Learning from Successful SIM Swap Attack of Twitter, CEO
The recent Twitter got hacked by the group 'Chuckle Squad', a rogue group of hackers hack the account of Jack Dorsey, CEO of Twitter, it is possible with, a successful SIM swap attack, hackers persuade a mobile phone provider to transfer a victim’s phone number to the hacker’s SIM card, giving the hacker access to the victim’s calls and messages.
Intrusions into your Twitter account might range from mild annoyance, to a serious PR fail, to an international political gaffe. Regardless of how you use it, there’s no need to make it easier for someone who wants to hijack your Twitter account.

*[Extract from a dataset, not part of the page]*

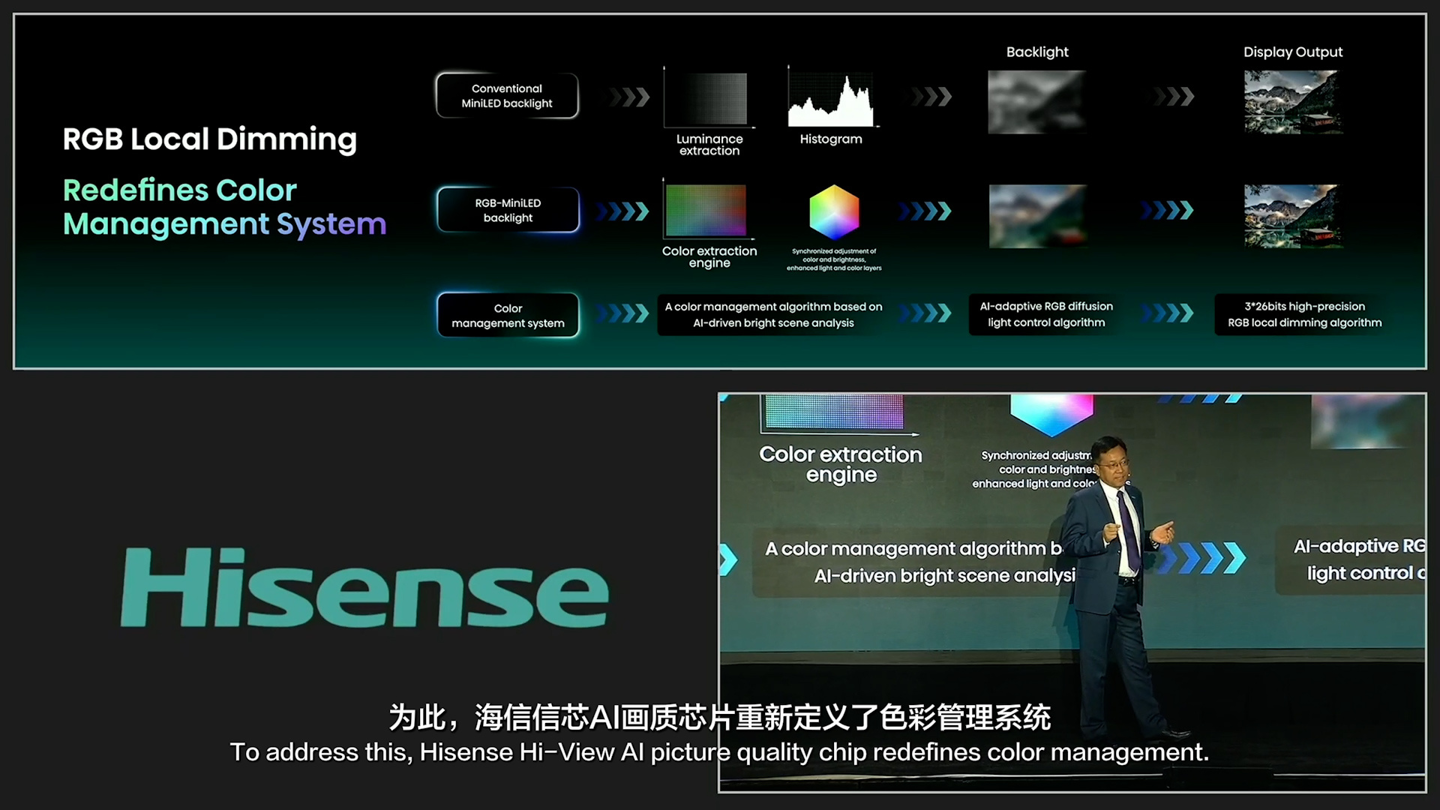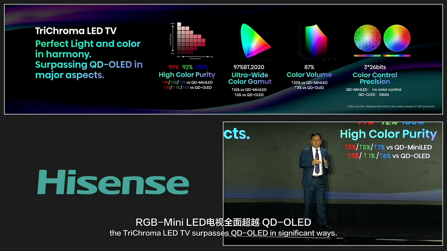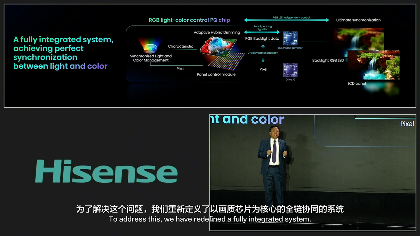 海信还实现了行业首个 RGB 三维控色芯片控制系统。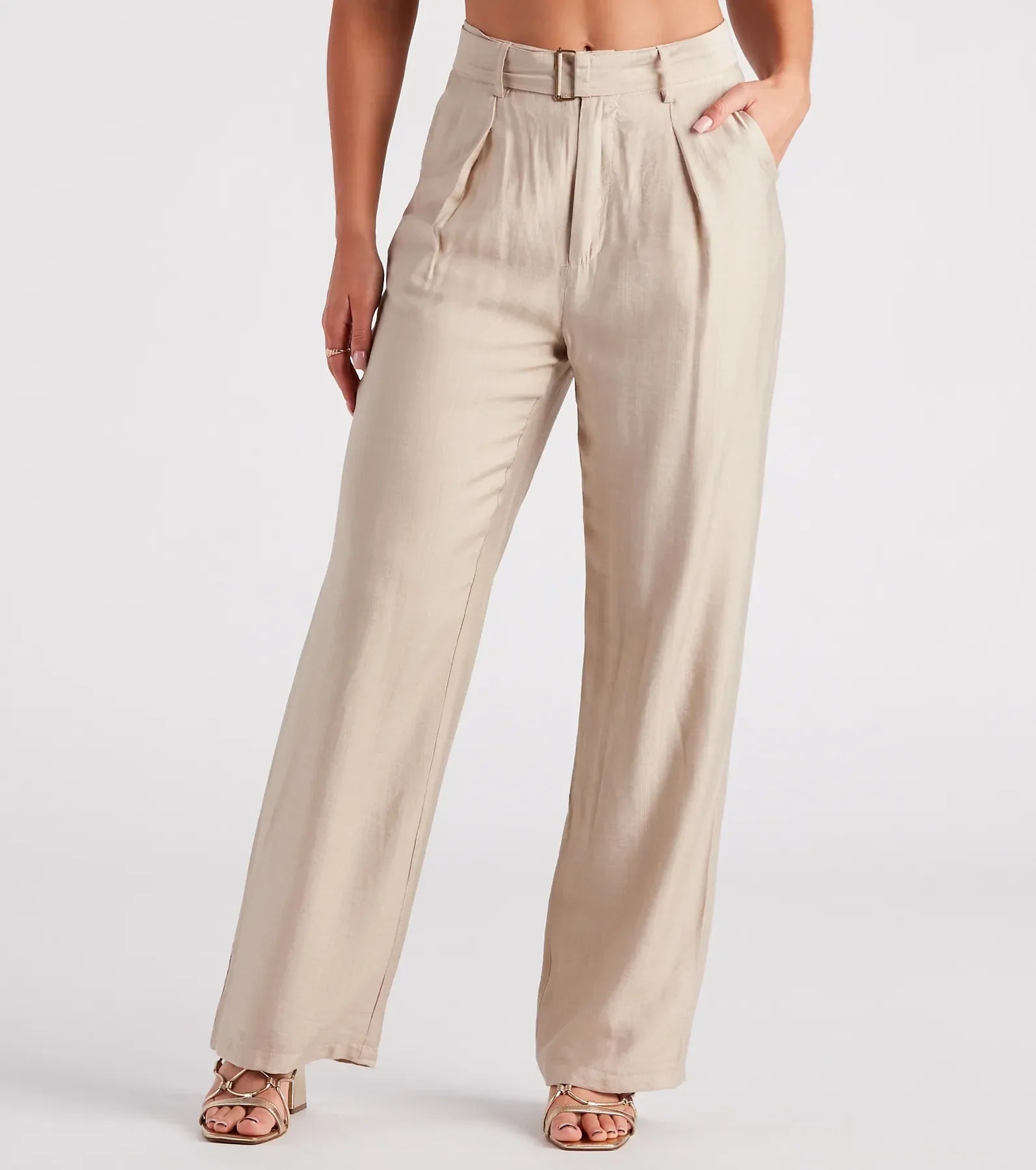 Show up in these stylish linen trouser pants to create an effortlessly chic look! They feature a high-rise belted waist, belt loop accents, hidden side pockets, and front pleating going down the wide-leg silhouette. The lightweight linen fabric includes a woven lining. Complete the outfit in strappy-heeled sandals?for a daytime casual soiree or a lunch date!

It’s quite easy to improve the security of your Twitter account and it only takes a few minutes. To avoid losing control of your Twitter account, as per Sunil Sharma, MD Sales, Sophos India & SAARC on how to secure your Twitter account.
1. Enable two-factor authentication (2FA)
Having a strong, unique password is an important first step to securing your account, but passwords can be easily guessed or generated by an attacker, so by themselves they’re not enough to stop someone in their tracks.
Your best bet to keep someone out of your account is to also enable two-factor authentication, which means you’ll need a second factor – like a numerical code or physical key – to prove it’s you when you log in to your account. It’s extremely unlikely that someone trying to break into your account has both your password AND access to your unlocked phone, so it significantly reduces the chance of an account break-in by enabling two-factor authentication.
How to do it: To enable 2FA on your Twitter account, log in and click your profile icon, then go to Settings and privacy. Scroll down to Login verification, which is what Twitter calls two-factor authentication.
Twitter begins the setup with a text message (SMS) code, but once you have 2FA set up you have the option to stick with an SMS code, use a physical security key, or use a mobile authenticator app. Many people prefer to use SMS as it’s easiest, but this method has its own security flaws, so we recommend using an authenticator app on your phone.
For good measure, you may also wish to enable password reset verification, which will require you to confirm your email or phone number if someone (hopefully you) asks to reset your password.
2. Screen who can contact you
Twitter is great as a big, open platform where anyone can join in the conversation. But that openness can also be a bit of a pain, as harassers and crooks love the platform’s openness too. There’s a very simple way to make sure you aren’t bothered by lazy spammers who are just out to blast Twitter accounts with links to malware as quickly as possible: Screen who can contact you via direct message or by public reply.
You can opt to only allow people you have opted in to follow to send you a direct message (a private message that does not have a character limit, unlike standard tweets), and you can also opt to enable quality filters on regular tweets that you receive, so tweets by profiles of “low quality” will never reach you. This means that if someone with a phony account tries to send you a potentially phishy link – which can and does happen on Twitter, so always click with caution! – they’ll have to do a lot more work just to set up their account and get past basic quality filters, and most spammers won’t bother.
How to do it: To only allow people you follow to send you a direct message, go to Settings and select Privacy and safety from the left-hand menu, and then deselect Receive direct messages from anyone.
To enable the Twitter quality filters, go to your Settings and select Notifications from the left-hand menu. Under Advanced, select Quality filter.
On this page you can also opt to Mute notifications from people who have a default profile photo and haven’t confirmed their email address, which will filter Twitter accounts that haven’t finished their basic profile setup.
3. Check your connected apps
Do you remember which apps you’ve authorized to have full access to your Twitter account? It’s painlessly easy to sign up to a service using Twitter, but how long do you want that service to have that kind of access? It’s worth reviewing your connected apps to see what’s still lingering in there, and if you see something you don’t remember authorizing or haven’t used in a while, it’s time to revoke its permission to your account.
How to do it: In your Settings, select Apps and devices from the menu and take a look at the apps that are listed as connected to your account. Hitfor any app that you no longer need or want.
4. The nuclear option: protect your tweets
While the idea behind Twitter is that the conversation is public and open to everyone, you can opt to protect your account, which makes your tweets visible only to people that you’ve opted to follow.
Twitter itself notes that if you have tweeted publicly and then later change your account to “protected,” it’s very possible those initially-public tweets will continue to live on publicly in perpetuity - so protecting your account is not an “oops” button for erasing tweet you’ve regretted sending, but it is a good way to make sure you know exactly who’s reading your words. It’s the nuclear option for sure, but if you want control over who’s reading you, it’s the right option for you.
How to do it: In Settings, select Privacy and safety. Under Tweet privacy check Protect your Tweets. (You can always un-protect your tweets and make your tweets public if you ever change your mind!)